Sur la ceinture de feu, le Japon face à une menace sismique permanente
Le Japon demeure l’un des pays les plus exposés aux tremblements de terre au monde. Situé à la jonction de quatre grandes plaques tectoniques, le long de la bordure occidentale de la ceinture de feu du Pacifique, l’archipel enregistre chaque année plusieurs centaines de secousses. Il concentre à lui seul une part importante de l’activité sismique mondiale.
L’intensité des dégâts dépend de nombreux facteurs : profondeur du foyer, proximité des zones habitées, qualité des sols, résistance des bâtiments et rapidité des alertes. Dans le cas du séisme de Kyushu, l’Agence météorologique japonaise a estimé la magnitude à 7,1, tandis que l’Institut d’études géologiques des États-Unis l’a évaluée à 6,8. Même avec des normes de construction strictes, une telle secousse peut provoquer des effondrements, incendies et ruptures d’infrastructures.

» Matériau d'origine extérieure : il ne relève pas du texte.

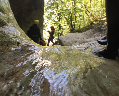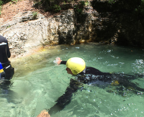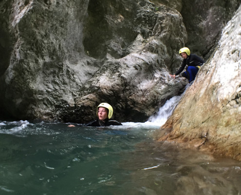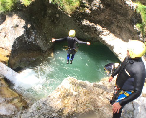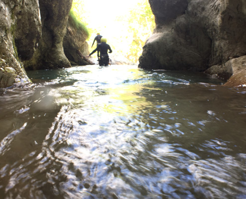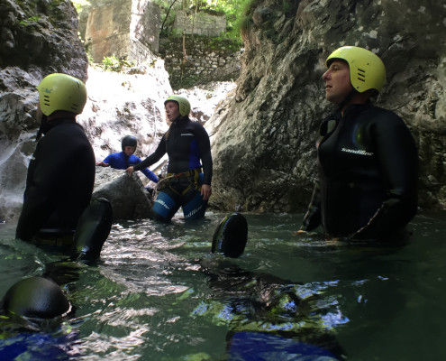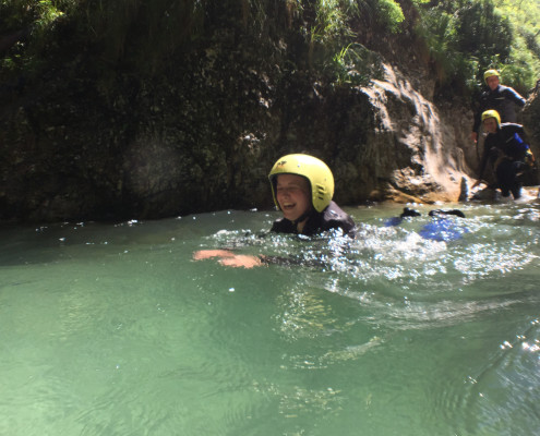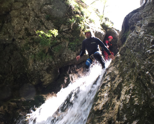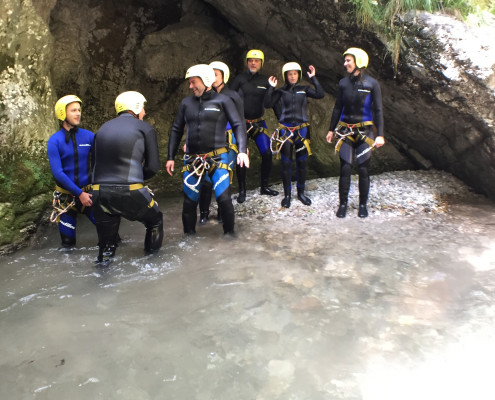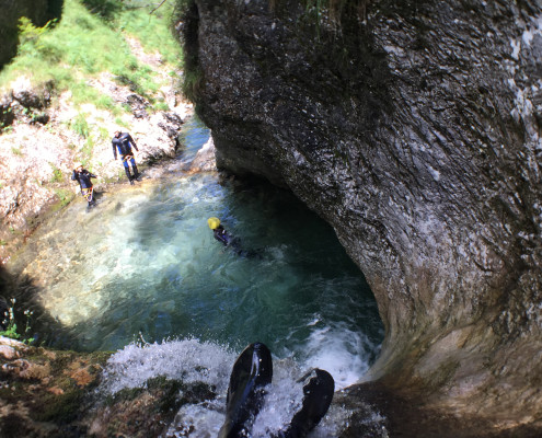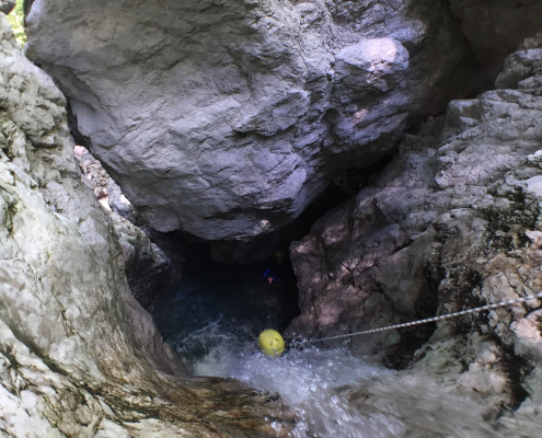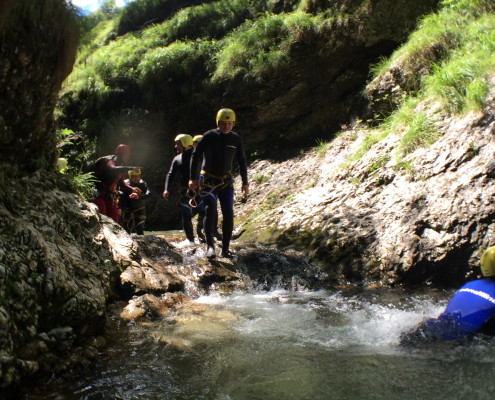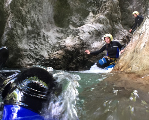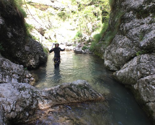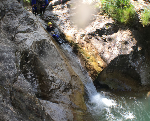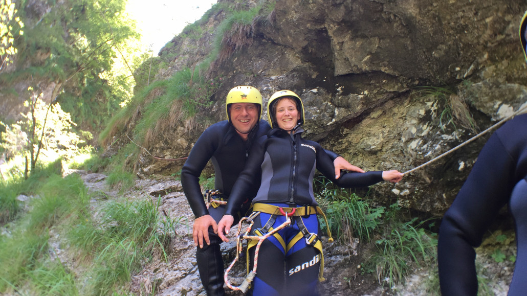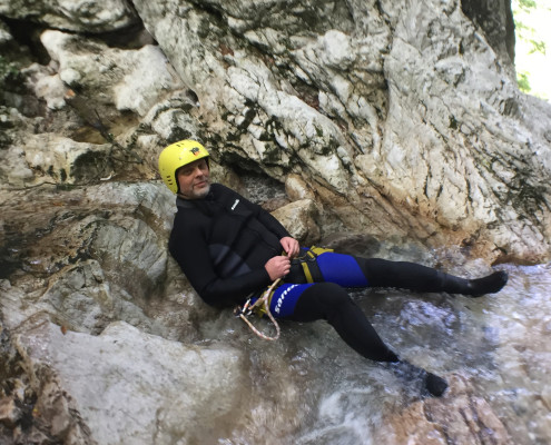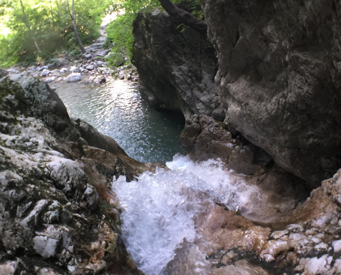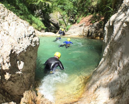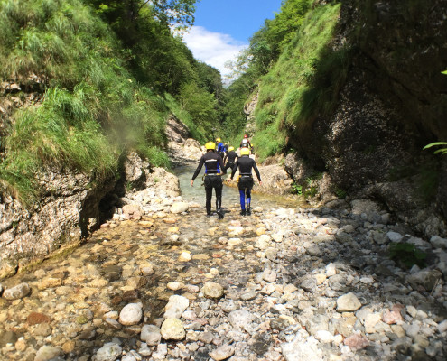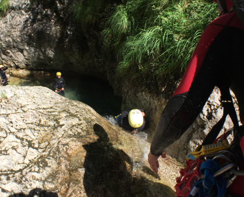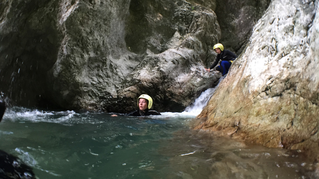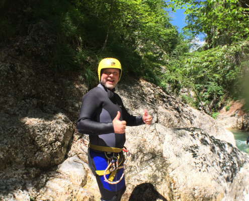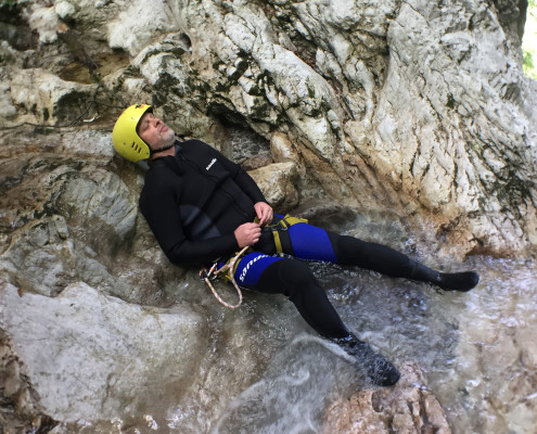Im Zuge unseres Sommerprogramms ging es am 16. Juli 2017 für einige Blau-Weiß Villach Mitglieder ins schöne Sočatal nach Slowenien zum Canyoning. Nach einstündiger Fahrt durch Italien und über den Predilpaß erreichten wir schlußendlich das Raftingcamp in Srpenica. Dort fassten wir unsere Ausrüstung aus und fuhren zum Startpunkt der Tour. 30 Minuten sollte unser Aufstieg durch Wald und über schmale Wege zu unserem Einstiegspunkt in den Fluß Sušec sein. Die letzten Einzelheiten wurden besprochen und wir erhielten noch einige Anweisungen unseres Guides bevor es los ging…aber seht selbst…:)
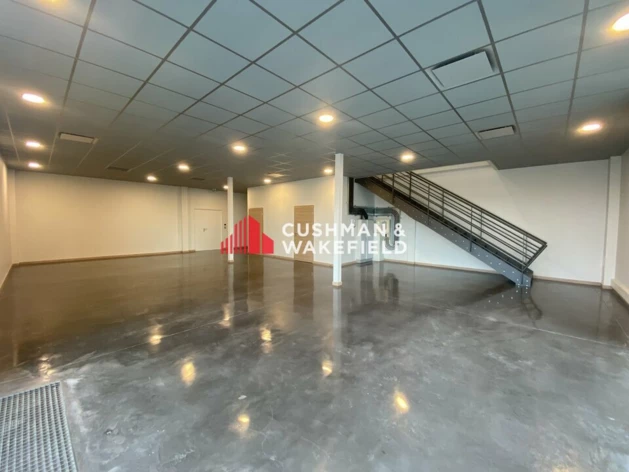 - en RDC : 150 m² de surface showroom avec vitrine, deux entrées piétonnes, sanitaire PMR, une douche, 2 accès dépôt + 300 m² de surface dépôt avec 1 porte sectionnelle motorisé et 1 issue de secours,

Le département de Kumamoto avait déjà été frappé en 2016 par deux séismes dévastateurs, responsables de 273 morts et de plus de 2.800 blessés. Le Japon reste aussi marqué par le séisme sous-marin de magnitude 9 de 2011, qui avait déclenché un tsunami meurtrier et la catastrophe nucléaire de Fukushima. Cette mémoire nationale nourrit une culture de prévention, sans jamais éliminer totalement le risque.